* **TASK BRIEF**
When you transcribe the listing that follows, keep every line exact and omit the pictures.

* **RECORDED INFORMATION**
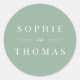 Cet autocollant mariage présente les noms du couple mariage en blanc contre une couleur arrière - plan modifiable ; pour passer du vert sauge à une couleur de votre choix, cliquez sur le bouton personnaliser. Personnalisez-le en remplaçant le texte de l'espace réservé. Pour plus d'options comme changer la police, sa taille et l'espacement entre les lettres cliquez sur le bouton "Personnaliser". *Veuillez noter que le filigrane Zazzle qui apparaît dans l'aperçu du zoom n'apparaîtra PAS sur le produit imprimé final. © Bois de rose et agrumes
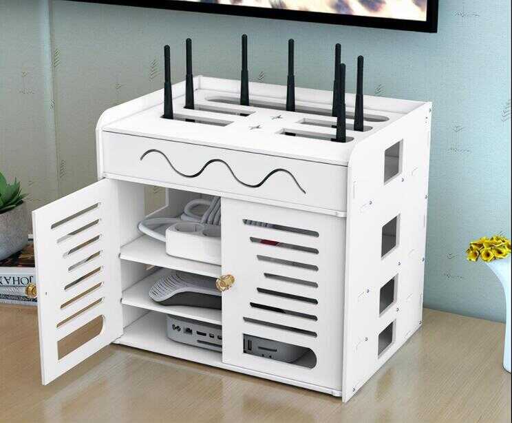 在这一部分当中,你可能会面临一个问题,那就是在电视墙的位置,既摆放路由器,又摆放机顶盒,还有插排,会显得非常凌乱,这时候,你可以购置一个收纳盒,让电视柜这里显得更加整洁,这个东西不用提前买,等你装修完以后,安装宽带的时候再买就行。
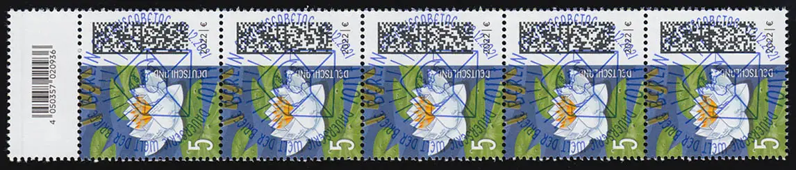 3644 Seebriefrose 5 Cent aus 200er, 5er-Streifen mit Codierfeld, ESSt Berlin

* **RESPONSE BOX**
 Cet autocollant mariage présente les noms du couple mariage en blanc contre une couleur arrière - plan modifiable ; pour passer du vert sauge à une couleur de votre choix, cliquez sur le bouton personnaliser. Personnalisez-le en remplaçant le texte de l'espace réservé. Pour plus d'options comme changer la police, sa taille et l'espacement entre les lettres cliquez sur le bouton "Personnaliser". *Veuillez noter que le filigrane Zazzle qui apparaît dans l'aperçu du zoom n'apparaîtra PAS sur le produit imprimé final. © Bois de rose et agrumes
 在这一部分当中,你可能会面临一个问题,那就是在电视墙的位置,既摆放路由器,又摆放机顶盒,还有插排,会显得非常凌乱,这时候,你可以购置一个收纳盒,让电视柜这里显得更加整洁,这个东西不用提前买,等你装修完以后,安装宽带的时候再买就行。
 3644 Seebriefrose 5 Cent aus 200er, 5er-Streifen mit Codierfeld, ESSt Berlin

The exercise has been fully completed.